Geoff Lees, Vice President of Freescale's Industrial and Multi-Market MCU Business, says that his company collaborated with ARM on the design of the new 32-bit ARM Cortex-M0+ core. Freescale sees the 32-bit core as an ideal long term replacement for 8-bit and 16-bit cores. "It doesn't make much sense to continue using 8-bit and 16-bit cores", says Lees, because today's design flows and Silicon Intellectual Property (SIP) reuse methodologies are predominantly based on 32-bit ARM bus interconnect fabrics. Freescale will employ the M0+ in their Kinetis L series of MCUs.

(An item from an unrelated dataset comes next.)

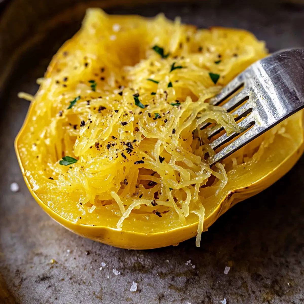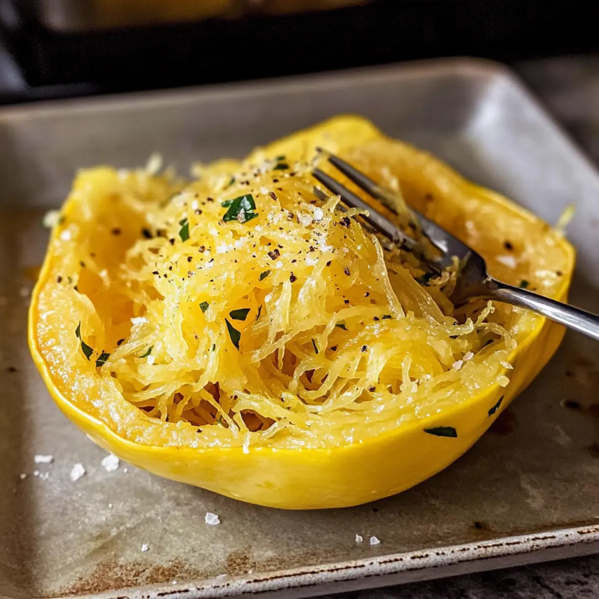 Nach dem Backen dreht ihr die Kürbishälften um, sodass die Schnittfläche nach oben zeigt. Nehmt eine Gabel und zieht das Fruchtfleisch in feine Stränge, die wie Pasta aussehen. Serviert ihn sofort und genießt die gesunde, köstliche Alternative in vollen Zügen!

Lees also says that MCU applications, such as appliances, smart lighting,and motor control, are all driving forward the development of a standard 32-bit ecosystem. He is seeing increasing requirements for networking connectivity in end devices, with the use of sub-GHz radios to connect to local sub-networks, which eventually connect to home and business WiFi gateways.Ultra low-power WiFi will eventually enable direct, energy-efficient wireless connectivity to be built into the end devices, says Lees.
Freescale is currently in the validation phase for their first Kinetis L silicon, which they received earlier this year. The company plans to demonstrate the new devices at the Design West Conference in two weeks. Freescale's lead customers will be able to get samples starting in April, with general sampling in Q2, followed by full production quantities in Q3.
According to Lees, Freescale's plans for use of the M0+ core extend up to heterogeneous multi-core application processors, where the M0+ will be used to offload the main processor cores to manage peripherals, wireless connectivity , or analog/mixed-signal interfaces.